The _CST method is in some dynamic table, described as below

        Name (SSDT, Package (0x0C)
        {
            "CPU0IST ",
            0x77A09C98,
            0x00000223,
            "APIST   ",
            0x77A08E18,
            0x000001CF,
            "CPU0CST ",
            0x77A07598,
            0x00000546,
            "APCST   ",
            0x77A09F18,
            0x0000008D
        })

Would you please also attach these tables?
acpidump --addr 0x77A09C98 --length 0x223 > CPU0IST.dat
acpidump --addr 0x77A08E18 --length 0x1CF > APIST.dat
acpidump --addr 0x77A07598 --length 0x546 > CPU0CST.dat
acpidump --addr 0x77A09F18 --length 0x8D  > APCST.dat
Comment 29 Anthony Awtrey 2010-10-15 12:36:55 UTC
Created attachment 33722 [details]
CPU0IST.dat as requested
Comment 30 Anthony Awtrey 2010-10-15 12:37:36 UTC
Created attachment 33732 [details]
APIST.dat as requested
Comment 31 Anthony Awtrey 2010-10-15 12:38:07 UTC
Created attachment 33742 [details]
CPU0CST.dat as requested
Comment 32 Anthony Awtrey 2010-10-15 12:38:39 UTC
Created attachment 33752 [details]
APCST.dat as requested
Comment 33 Lin Ming 2010-10-18 02:04:49 UTC
Created attachment 33902 [details]
patch to fix ACPI errors

Bob wrote a patch to fix the ACPI errors.

Would you guys give it a try?

Thanks.
Comment 34 John Floyd 2010-10-18 05:09:46 UTC
CF30-Mk3 Toughbook -> successful results.

Applied patch to both the mainline kernel and fedora's distributed kernel and everything worked.

Screen backlight adjustment now works!! First time.  Dmesg has no acpi errors!

The stability of the machine may have been linked to some display bugs which fedora appear to have fixed independently.

Thanks.  A great result (for me).  Now why do these nasties always show up with  panasonic machines??

Cheers and Thanks
John
Comment 35 Anthony Awtrey 2010-10-18 19:06:03 UTC
Success here as well. I got a clean boot and no obvious ACPI errors in dmesg.

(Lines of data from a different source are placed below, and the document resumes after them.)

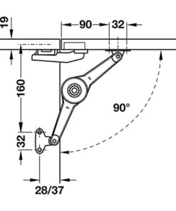 | Sử dụng kết hợp với bản lề âm 110° theo tiêu chuẩn có lò xo đóng tự động hoặc cơ chế đóng giảm chấn | |
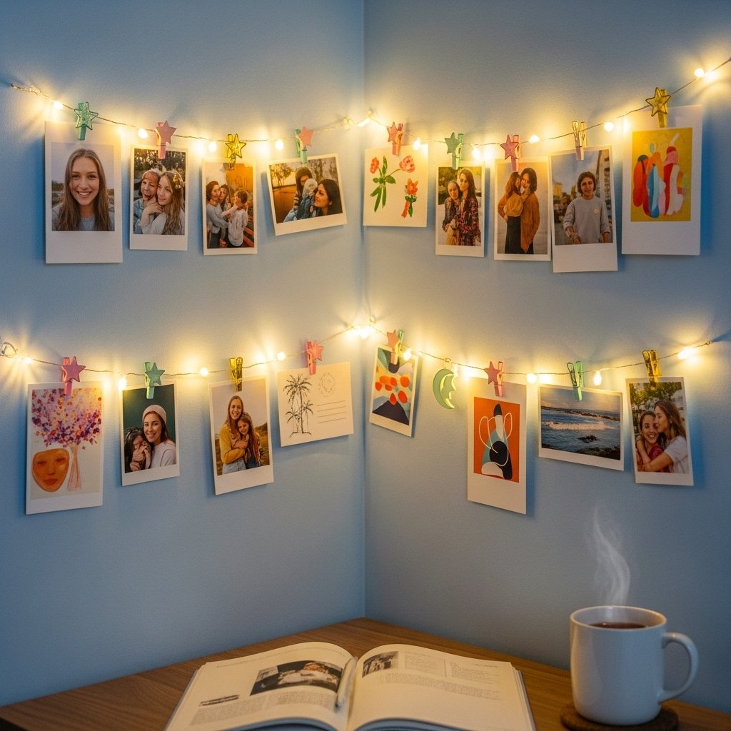 A string light photo display combines ambiance with personalization, making it a popular DIY room decor idea. Easy video tutorials show how to clip photos, postcards, or prints onto fairy lights. The lights create a warm glow, perfect for bedrooms, study corners, or dorm rooms. You can also customize with decorative clips or colored lights to match your room’s aesthetic. This craft is quick, affordable, and makes your favorite memories part of your everyday environment.
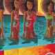 おもしろいユニークレトロスタイル壁日没時にビキニを着てビーチにアフロ髪スタイルを持つ2人の女性を表す。絵を描定評のある芸術家だ生素晴らしきている宇宙、イベント宇宙、ショップに加えて!目を引く鮮やかと。
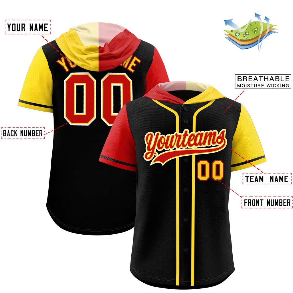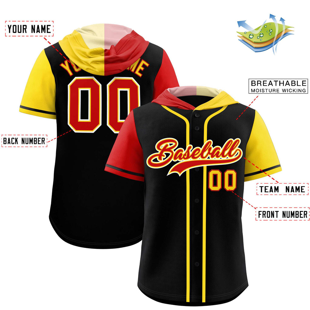 Custom Black Red and Gold Split Fashion Raglan Sleeves Authentic Baseball Hoodie Jersey

Thanks very much for the assistance! This issue is closed as far as I am concerned.

Tony
Comment 36 Lin Ming 2010-10-19 00:53:06 UTC
Thanks for the testing.

Mark it as RESOLVED.
Comment 37 Florian Mickler 2010-10-31 20:04:13 UTC
This is comitted as:
 
commit 8df3fc981dc12d9fdcaef4100a2193b605024d7a
Author: Bob Moore <robert.moore@intel.com>
Date:   Sat Oct 23 01:36:40 2010 -0400

    Subject: [PATCH] ACPICA: Fix Scope() op in module level code

Is this already marked to be backported for stable?